The combination of the two metallic materials may be realized by employing, for example, a metallic material of high heat resistance for the bottom part of the cylindrical portion and a metallic material of normal heat resistance for the open-end part thereof, or a metallic material having a high coefficient of thermal expansion for the former and one having a low coefficient of thermal expansion for the latter.
At least one of such alloys as INCOLOY (trademark), INCONEL (trademark) and NIMONIC (trademark) is preferably used as the metallic material with high heat resistance, while at least one of such steels or alloys as SCr, SUE, SCM and SUS (all Japanese Industrial Standards)is preferred as the metallic material with normal heat resistance. At least one of such steels or alloys as SCr, NIMONIC, SUS, INCONEL and INCOLOY is preferred for use as the metallic material having a high coefficient of thermal expansion, while at least one of such alloys as KOVAR (trademark) and INVAR (trademark) is preferred as the metallic material having a low coefficient of thermal expansion.
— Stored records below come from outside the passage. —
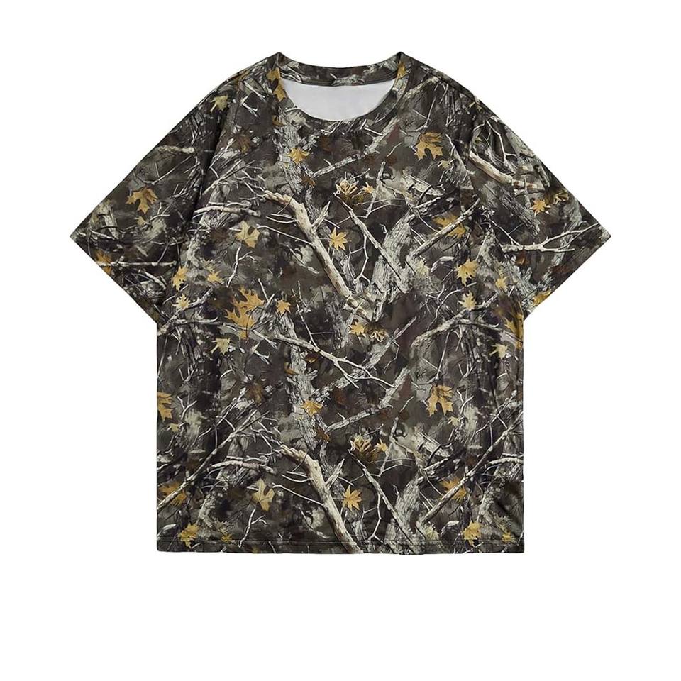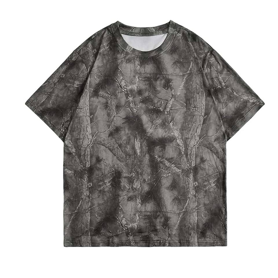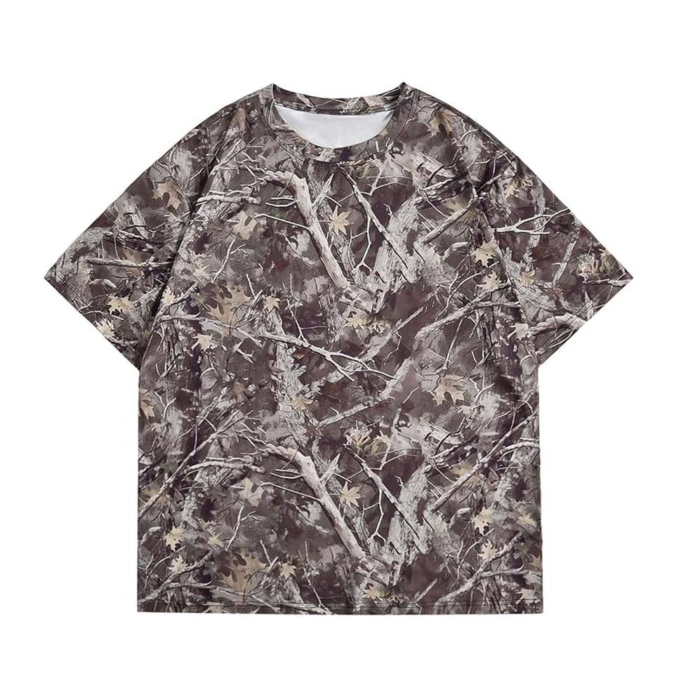 T-shirt ample à motif camouflage et imprimé arbre, design de haute qualité, personnalisable, respirant, pour adultes, OEM.
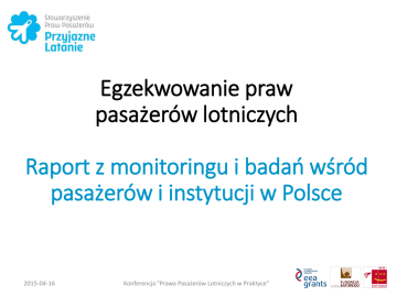 Egzekwowanie praw pasażerów lotniczych Raport z monitoringu i badań wśród pasażerów i instytucji w Polsce 2015-04-16 Konferencja "Prawa Pasażerów Lotniczych w Praktyce" System ochrony pasażerów w środkach transportu na terenie UE • Prawo do niedyskryminacji w dostępie do transportu • Prawo do mobilności: dostęp i pomoc pasażerom niepełnosprawnych oraz pasażerom o ograniczonej sprawności ruchowej bez dodatkowych kosztów • Prawo do informacji przed zakupem biletu oraz na różnych etapach podróży, w szczególności w przypadku jej zakłócenia • Prawo do rezygnacji z podróży (zwrot pełnego kosztu biletu), jeżeli nie odbywa się ona zgodnie z planem 2015-04-16 Konferencja "Prawa Pasażerów Lotniczych w Praktyce" System ochrony pasażerów w środkach transportu na terenie UE • Prawo do wykonania umowy transportowej w przypadku zakłócenia podróży (zmiana planu podróży i zmiana rezerwacji) • Prawo do uzyskania pomocy w przypadku dużego opóźnienia rozpoczęcia podróży lub w punktach przesiadkowych • Prawo do odszkodowania na określonych warunkach • Prawo do odpowiedzialności przewoźników w odniesieniu do pasażerów i ich bagażu 2015-04-16 Konferencja "Prawa Pasażerów Lotniczych w Praktyce" System ochrony pasażerów w środkach transportu na terenie UE • Prawo do szybko działającego i dostępnego systemu rozpatrywania skarg • Prawo do pełnego stosowania i skutecznego egzekwowania prawa UE • Prawo do bezpieczeństwa i ochrony, w tym zarówno bezpieczeństwa technicznego sprzętu transportowego i fizycznego bezpieczeństwa pasażerów • Prawo do minimalnych norm w zakresie jakości usługi, komfortu, ochrony środowiska i dostępności 2015-04-16 Konferencja "Prawa Pasażerów Lotniczych w Praktyce" System ochrony pasażerów w środkach transportu na terenie UE Jak działa system ochrony praw pasażerów lotniczych w praktyce? 2015-04-16 Konferencja "Prawa Pasażerów Lotniczych w Praktyce" Monitoring egzekwowania praw pasażerów lotniczych w Polsce • Analiza prawa i orzecznictwa sądowego • Badania ankietowe wśród grupy 500 pasażerów • Sprawy (reklamacje i skargi) zgłoszone przez pasażerów za pomocą systemu internetowego do ekspertów Stowarzyszenia Praw Pasażerów „Przyjazne Latanie” • Badania kwestionariuszowe wśród instytucji publicznych i prywatnych (grupa ponad 400 podmiotów) • Kwiecień 2014 – marzec 2015 2015-04-16 Konferencja "Prawa Pasażerów Lotniczych w Praktyce" Analiza prawa i orzecznictwa sądowego • Obowiązek informowania pasażerów o ich prawach przez przewoźnika • Nadzwyczajne okoliczności upoważniające do zwolnienia przewoźnika z odpowiedzialności • Usterka techniczna a odszkodowanie za naruszenie praw pasażera • Wysokość kar za naruszenie praw pasażerów • Spór kompetencyjny sądów i instytucji oraz różna praktyka orzecznicza • Naprzemienność drogi postępowania: przed sądami powszechnymi lub przed Prezesem Urzędu Lotnictwa Cywilnego 2015-04-16 Konferencja "Prawa Pasażerów Lotniczych w Praktyce" Badanie wśród 500 pasażerów • Miejsce: pociągi Szybkiej Kolei Miejskiej (SKM) na trasie Warszawa Centralna/Śródmieście-Warszawa Lotnisko Chopina oraz teren Portu Lotniczego „Katowice-Pyrzowice” • Termin: lipiec – sierpień 2014 • 26% respondentów podróżuje rzadko, tj. raz w roku lub rzadziej • 51% respondentów podróżuje okazjonalnie, tj. kilka razy w roku • 23% respondentów podróżuje często, tj. kilka razy w miesiącu 2015-04-16 Konferencja "Prawa Pasażerów Lotniczych w Praktyce" Rodzaje zakłóceń podróży, których doświadczyli respondenci • 62% - opóźnienie lotu • 30% - problemy z bagażem • 18% - odwołanie lotu • 17% - niezadowalający poziom obsługi podczas lotu, w tym jakość posiłków • 17% - niezadowalający poziom obsługi podczas kontroli bezpieczeństwa • 17% - brak informacji i opieki na lotnisku 2015-04-16 Konferencja "Prawa Pasażerów Lotniczych w Praktyce" Reklamacje pasażerskie i spory z przewoźnikami • 16% respondentów dochodziło swoich praw • 80% respondentów nie składało reklamacji • Czasochłonność procesu - 64% • Nieznajomość praw - 37% • Brak wiedzy nt możliwości składania reklamacji – 34% • 72% respondentów preferuje polubowne rozwiązanie sporu • 7% respondentów zwracała się do instytucji o pomoc 2015-04-16 Konferencja "Prawa Pasażerów Lotniczych w Praktyce" Reklamacje i skargi pasażerskie skierowane do Przyjaznego Latania Internetowy system zgłaszania spraw do monitoringu 2015-04-16 Konferencja "Prawa Pasażerów Lotniczych w Praktyce" Reklamacje i skargi pasażerskie skierowane do Przyjaznego Latania • • • • • • • Sprawy dotyczyły 16 przewoźników lotniczych 80% spraw: opóźniony, odwołany lot, zniszczony bagaż 38% linii nie odpowiedziało na reklamacje 19% linii nie przyjęło reklamacji w języku polskim 19% linii odsyłało pasażerów do formularzy Odpowiedź na reklamacje w ciągu 1-3 tygodni Częste naruszenie prawa do informacji i/lub opieki podczas zakłócenia w podróży lotniczej • Nadzwyczajne okoliczności - najczęstszy powód odmowy uznania reklamacji i wypłaty odszkodowania • 25% przewoźników wyraziło gotowość zaoferowania formy zadośćuczynienia „w geście dobrej woli” celem osiągnięcia porozumienia z pasażerem 2015-04-16 Konferencja "Prawa Pasażerów Lotniczych w Praktyce" Badania wśród instytucji udzielających pomocy pasażerom • Urząd Ochrony Konkurencji i Konsumentów (UOKiK) • Komisja Ochrony Praw Pasażerów / Urząd Lotnictwa Cywilnego (ULC) • Europejskie Centrum Konsumenckie (ECK) • Wojewódzkie i terenowe inspekcje handlowe • Miejscy i powiatowi rzecznicy praw konsumenta • Organizacje konsumenckie • Przewoźnicy lotniczy • Porty lotnicze • Biura podróży • Firmy odszkodowawcze i kancelarie prawne 2015-04-16 Konferencja "Prawa Pasażerów Lotn
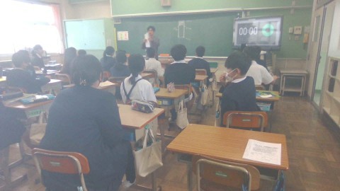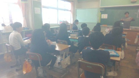 宿題についての説明を聞いています。みんな先生の話をしっかり聞いています。
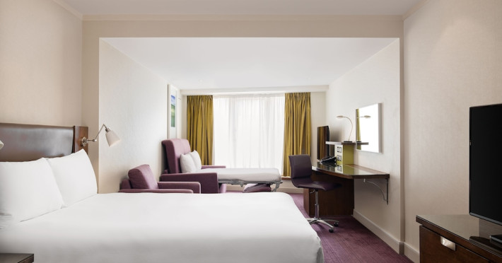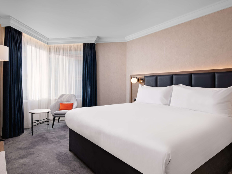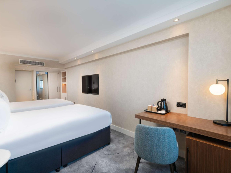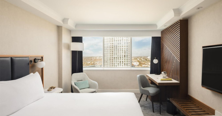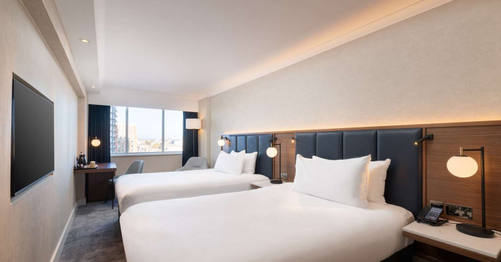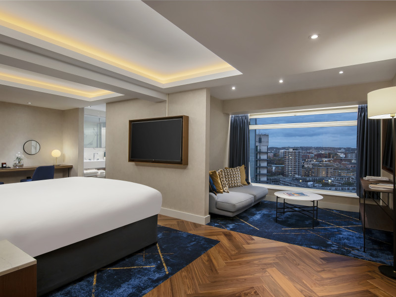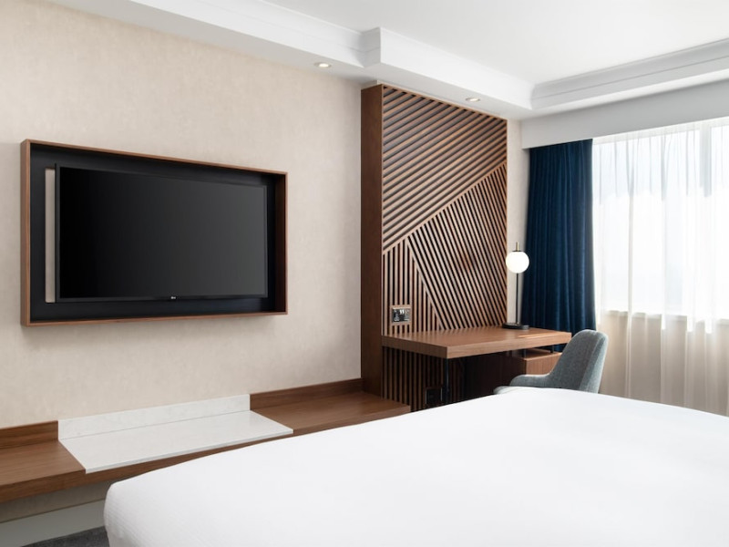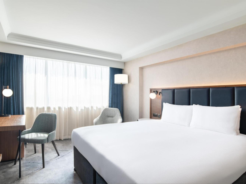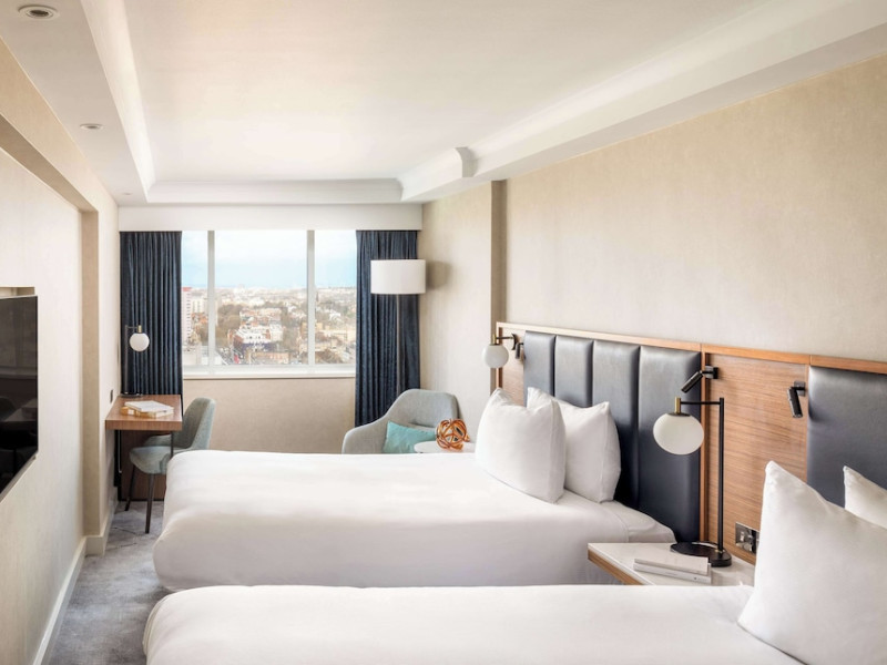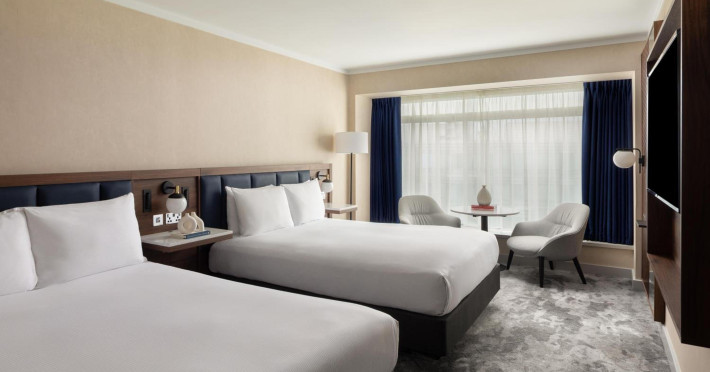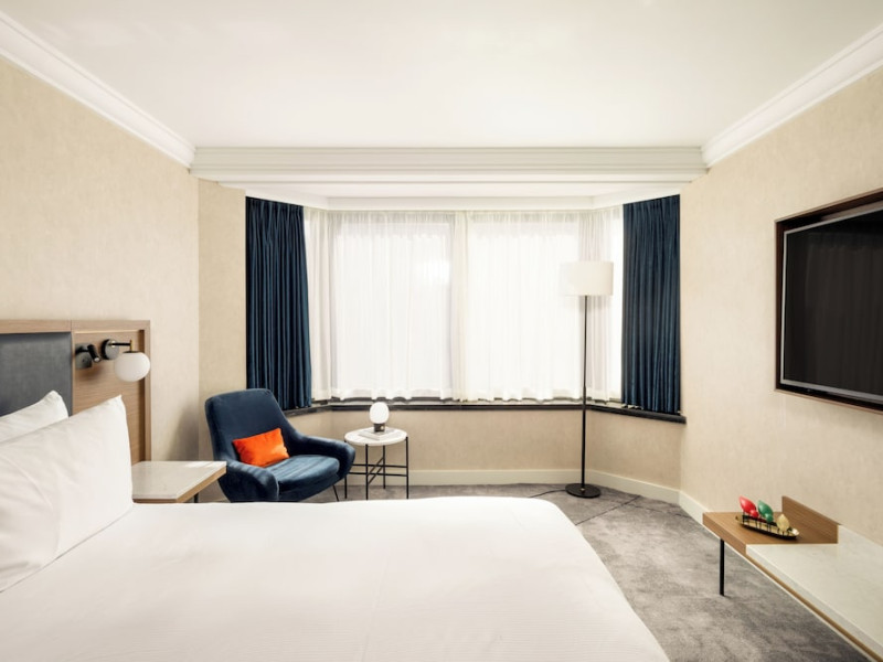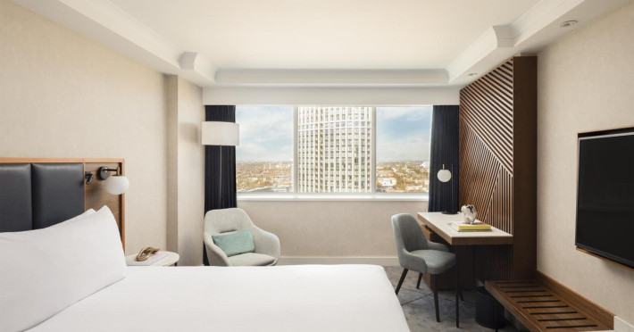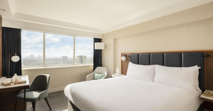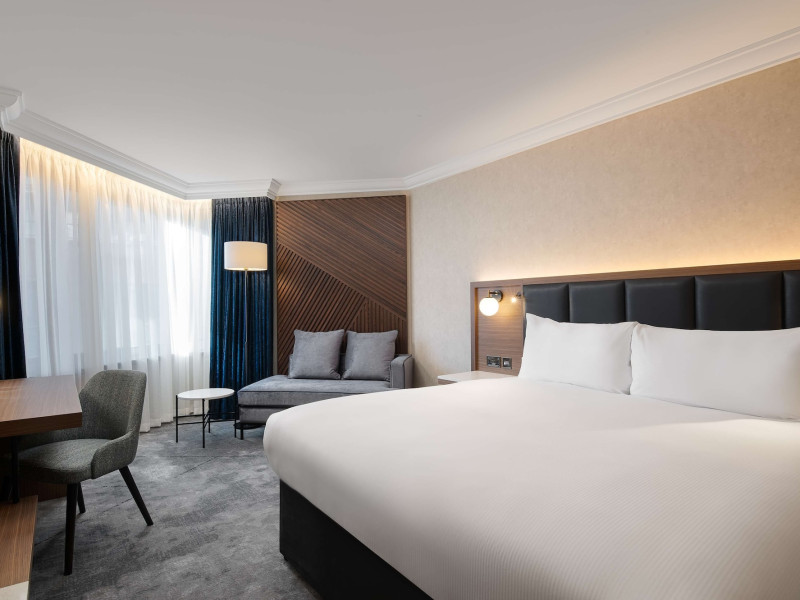 The Hilton London Metropole offers 1,100 guest rooms, including suites and executive rooms, many with London skyline views. Located centrally in London, it's within a mile of Hyde Park and Paddington Station, and a short walk from Edgware Road Underground Station (four tube lines). The hotel features four uniquely themed bars and restaurants (including Tyburn Kitchen with a Josper Charcoal grill and Bow Bar with unique cocktails), a gym, a refurbished executive lounge, 24-hour room service, and a coffee shop/cafe. Amenities include complimentary Wi-Fi, concierge services, a business center, and self-parking (fee applies). Rooms have refrigerators, LED TVs, private bathrooms with toiletries, and laptop-compatible safes. Buffet breakfast is available (fee applies). The hotel also boasts over 35 event rooms, including three ballrooms, and has received three sustainability accreditations. It is approximately 15 minutes from Heathrow Airport via the Heathrow Express. The Hilton London Metropole is a Tourist hotel. The nightlife/restaurants are easily accessible by taxi or bus from the hotel.
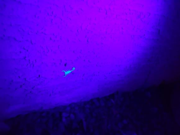 특수 플래시로 비추니 전갈이 야광색으로 보인다. 으악, 징그럽고 신기하고 희한하고 아까도 말했지만 쬐끔은 귀엽기도 하다.ㅠㅠ 긴 막대기로 잽싸게 낚아 채 죽인다. 여기저기 플래시를 비추니 전갈이 많기도 하다. 계단, 잔디, 풀잎 속, 집 주위 어디든 활보하고 다닌다, 세상에나…
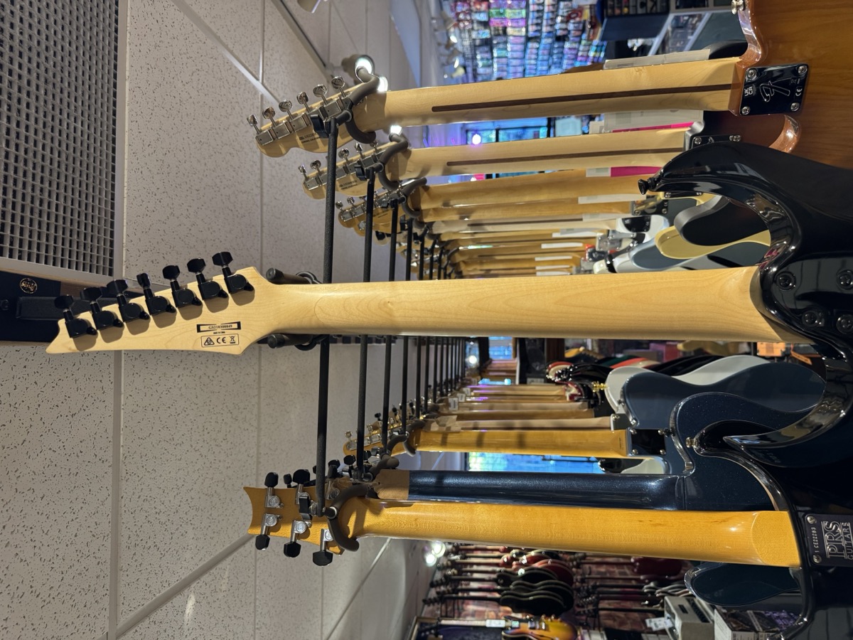 This is in very good condition with some oxidation of the knobs and some small dings. You're probably going to be agressively chugging on this and adding your own marks soon enough. This beast goes beyond a simple black finish that's so common in entry-level 7 strings. Ibanez Infinity pickups deliver an accurate and tight sound with excellent dynamics. Even under heavy settings, they do not lose tonal clarity.

When two metallic materials with different strengths are combined, it is preferable that the material forming the part close to its open end of the cylindrical portion which be of strength lower than 50 kg/mm2 in term of 0.2% yield strength at 500°C, while the material forming the part close to the bottom of the cylindrical portion be of strength in terms of 0.2% yield strength higher than 50 kg/mm2 at 500°C When two materials with different coefficients of thermal expansion is combined, it is preferable that the material forming the cylindrical portion close to its open end have a coefficient of thermal expansion lower than 8×10-6 /°C., while the other material has a coefficient of thermal expansion higher than 8×10-6 /°C. A high joining strength over a wide range of temperatures would be obtained from the combination of materials having yield strengths or coefficients of thermal expansion as hereinabove stated.
That part of the cylindrical portion which is formed from the material of low strength or thermal expansibility preferably has a length of 3 to 8 mm. If its length is smaller than 3 mm, it will be difficult to cause sufficient stress relaxation at the open end of the cylindrical portion. If its length is larger than 8 mm, it will be difficult to obtain satisfactory torque property in a high temperature range.
It is possible to use three or more metallic materials having different strengths or coefficients of thermal expansion to form a cylindrical portion having along its length three or more levels of high-temperature strength or thermal expansibility which decrease from its bottom to its open end. This arrangement can further increase a joining strength in a high temperature range and improve stress relaxation in a low temperature range.
The two or more metallic materials can be joined to each other by a variety of methods including welding, brazing, diffusion bonding, electron beam welding and pressure welding. It is advisable to join two or more solid round bars of different metallic materials together first, and then bore them to make a hollow cylindrical shape.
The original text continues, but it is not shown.